*Dataset content:*
--------------------
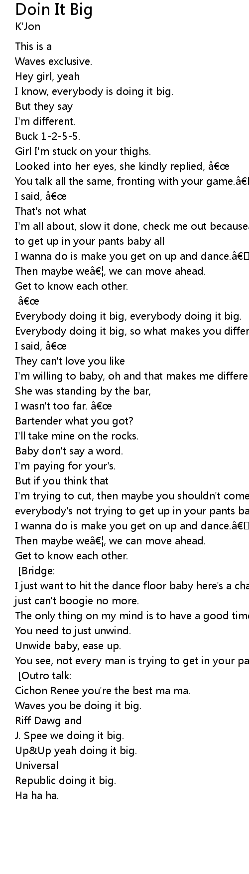 | I' m all about, slow it done, check me out because, everybody' s not trying to get up in your pants baby all | |
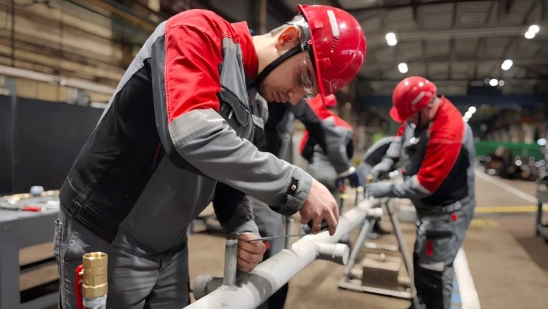 Слесари-ремонтники выполняли сборку узла учёта хозпитьевой воды, фильтра и элементов запорной арматуры. Электрогазосварщики продемонстрировали мастерство в сварке трубного шва под углом 45 градусов.
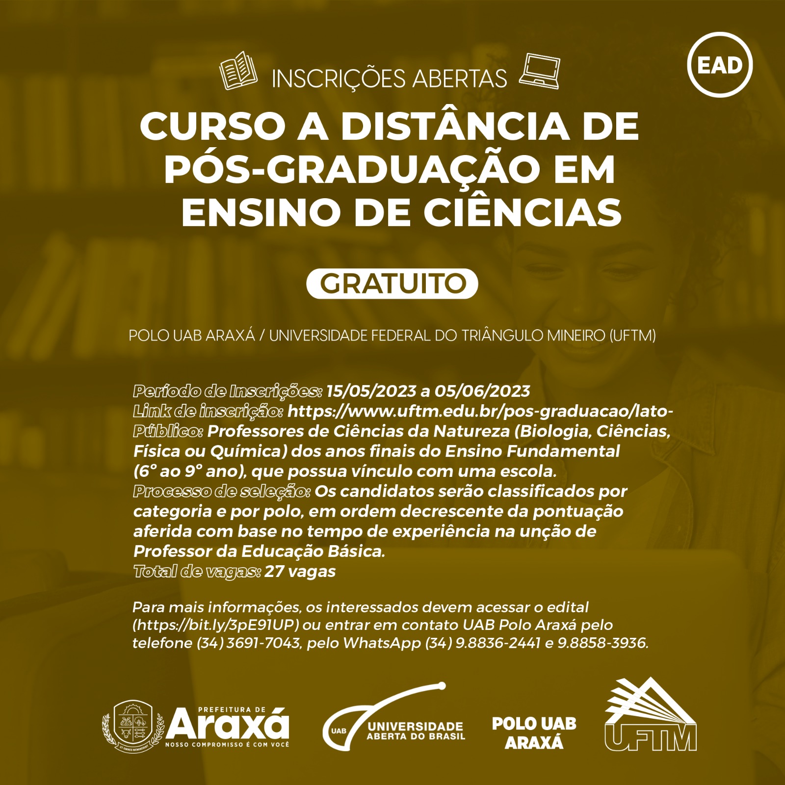 O Polo da Universidade Aberta (UAB) de Araxá oferta vagas para o Curso de Pós-Graduação em Ensino de Ciências - Ciência é 10, voltado para professores dos anos finais do Ensino Fundamental, na modalidade Educação a Distância.
--------------------
*The task:* Everything in the listing above except the pictures should be duplicated exactly.

*Output for this exercise:*
 | I' m all about, slow it done, check me out because, everybody' s not trying to get up in your pants baby all | |
 Слесари-ремонтники выполняли сборку узла учёта хозпитьевой воды, фильтра и элементов запорной арматуры. Электрогазосварщики продемонстрировали мастерство в сварке трубного шва под углом 45 градусов.
 O Polo da Universidade Aberta (UAB) de Araxá oferta vagas para o Curso de Pós-Graduação em Ensino de Ciências - Ciência é 10, voltado para professores dos anos finais do Ensino Fundamental, na modalidade Educação a Distância.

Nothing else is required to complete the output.